Page MenuHomePhabricator

RFC: Page components / content widgets
Open, MediumPublic

Description

We are looking for ways of improving the handling of common content structures like infoboxes, data tables, citations or navboxes. We'd like to

  • make their rendering more adaptable to different devices and use cases,
  • improve the editing experience, and
  • support the integration of different data sources.

Wikia and others have already done significant work on infoboxes (see links below). The details and considerations around those implementations are not the focus of this task, as the primary focus here is on identifying a minimal supporting infrastructure that we need to enable such implementations.

Page components

Page components are not much more than bits of well-formed HTML along with some metadata. Well-formed HTML along with attribute markers lets us cleanly swap out a component's rendering. Metadata documents each component's dependencies, so that we can propagate changes efficiently and reliably. Other metadata like page properties and render dependencies need to be aggregated when composing a larger page, so that ResourceLoader modules for example can be loaded for the entire page. Candidates for per-component metadata are:

  • ResourceLoader modules needed to render the component.
  • Resources used to render this component, for dependency tracking.
    • templates and Scribunto modules
    • images
    • wiki pages (for link rendering)
    • external data sources
  • Page metadata like
    • categories
    • external links
    • magic word flags
  • Caching / storage limitations, for dynamic content
  • Other page properties

For wiki content processed in the PHP parser, basically all of this information apart from external data sources is available in the ParserOutput object. Some of this information is already exposed in the expandtemplates end point (notably missing are the list of sub-templates used), and even more is available in the parse end point.

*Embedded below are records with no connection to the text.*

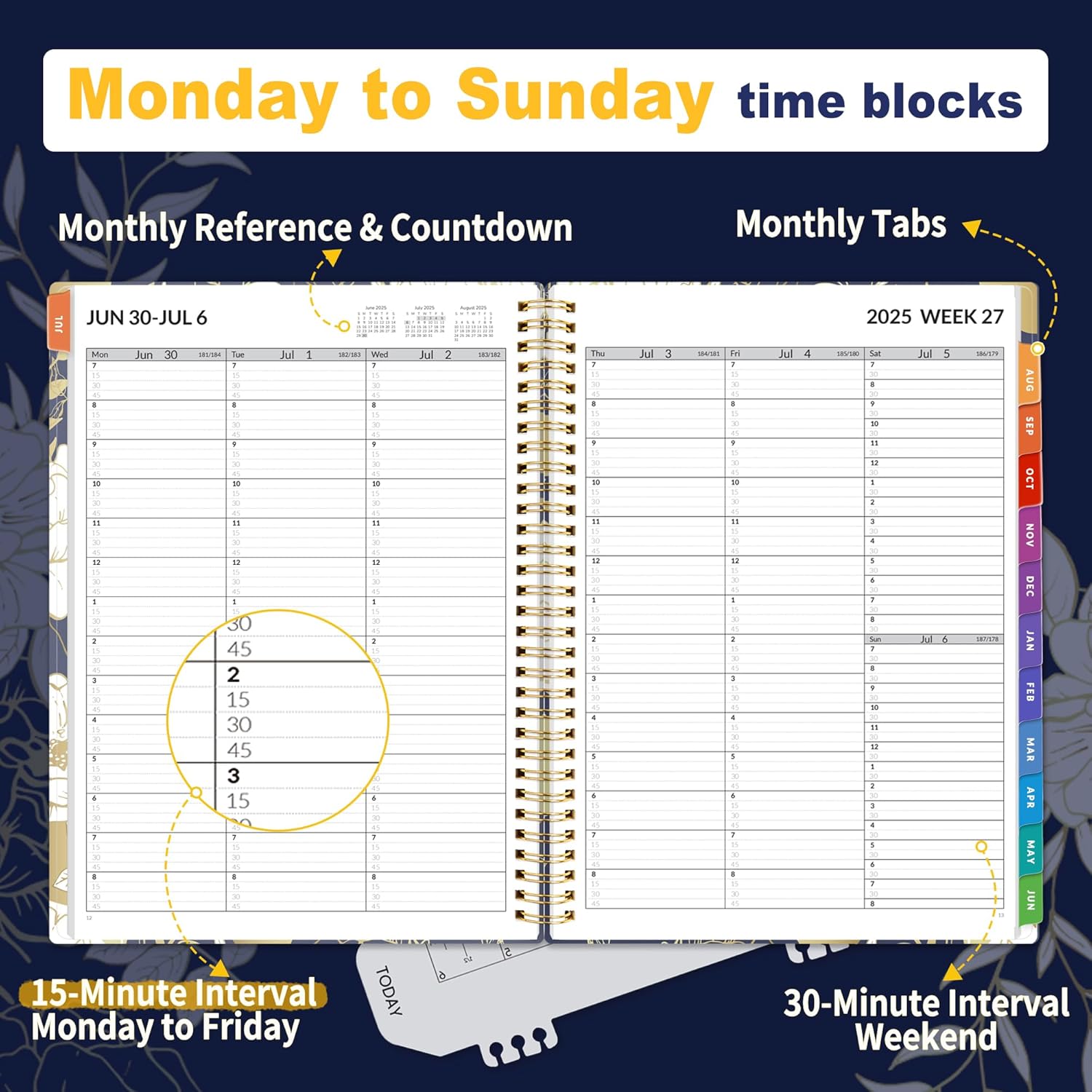 SUNEE 2025-2026 Appointment Book, Quarter-Hourly, Weekly & Monthly - from July 2025 to June 2026, 8.5"x11" Academic Planner, Flexible Cover, Note Pages, Bookmark, Spiral Binding, Vintage
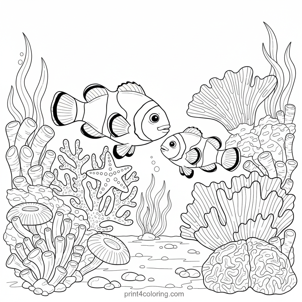 Dive into an underwater adventure with two cheerful clownfish! Watch as they gracefully explore their vibrant coral reef home, maybe peeking at a friendly starfish or weaving through colorful coral. This detailed scene invites you to bring the ocean's beauty to life with your favorite colors, capturing gentle movement and interaction.
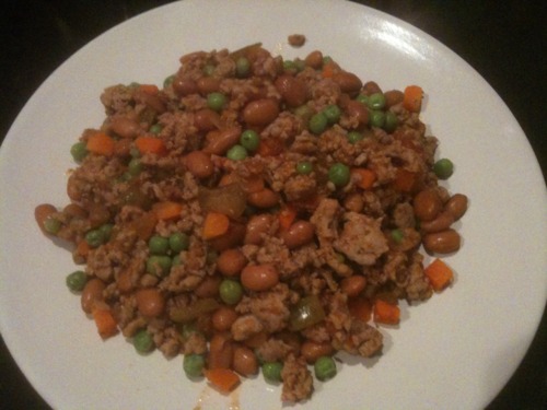 Fry up the turkey, drain off the fat. Add garlic powder, cayenne and hot sauce to the meat while it frying. At the same time start boiling the peas and carrots. While that is happening drain and thoroughly rinse the beans. When the meat is cooked through, add the beans to it and stir them in. Continue heating over medium-low heat. When the peas and carrots have boiled for a minute or so, drain them off and toss them into the meat-bean mix. Stir it all up. Then add a generous helping of hot, chunky salsa (you can use whatever type you like I suppose, I found some interesting new varieties in the organic food section of the grocery store).
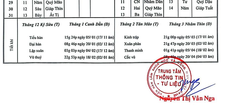 Bộ số lịch ghi rất rõ thời điểm của từng tiết khí, thường chính xác tới phút.
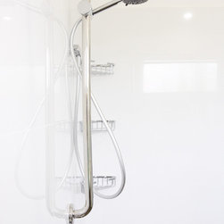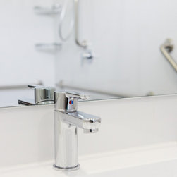 Along with standard handrails, we fitted a special wall-mounted toilet, a walk-in shower base and taps that can be turned with ease. Just because a bathroom is designed to improve access, doesn’t mean it has to look dull and uninteresting. Bathtime Bathrooms installed classic white wall tiles complimented by Sahara 600mm x 300mm floor tiles. A Timberline wall-mounted vanity unit matches the colour of the floor tiles. Other safety-focused features include:

Currently this metadata is mostly implementation-defined, and not consistently exposed in the Action API. The proposal is to document standard metadata and its semantics, and make sure that this is consistently exposed through APIs in a way that lets clients aggregate information in a generic manner (as sets, for example), without having to know about each possible bit of metadata explicitly.

Benefits of doing this include:

  • Finer-grained dependency tracking, which in turn can make updates like refreshLinks a lot more efficient.
  • More accurate page metadata tracking in VisualEditor when inserting / removing components.
  • Efficient updating of ResourceLoader modules and other dependencies when re-rendering individual components for a different context.
  • Opening up the possibility of implementing page components in separate services.

Questions

  • Can we restrict page components to a single DOM node?
  • Can we come up with a sensible aggregation of metadata that satisfies different use cases well?
    • Idea: Two blobs (or one with two sub-objects), one for view-relevant data (modules, categories, magic word flags?), one for more verbose data like dependencies.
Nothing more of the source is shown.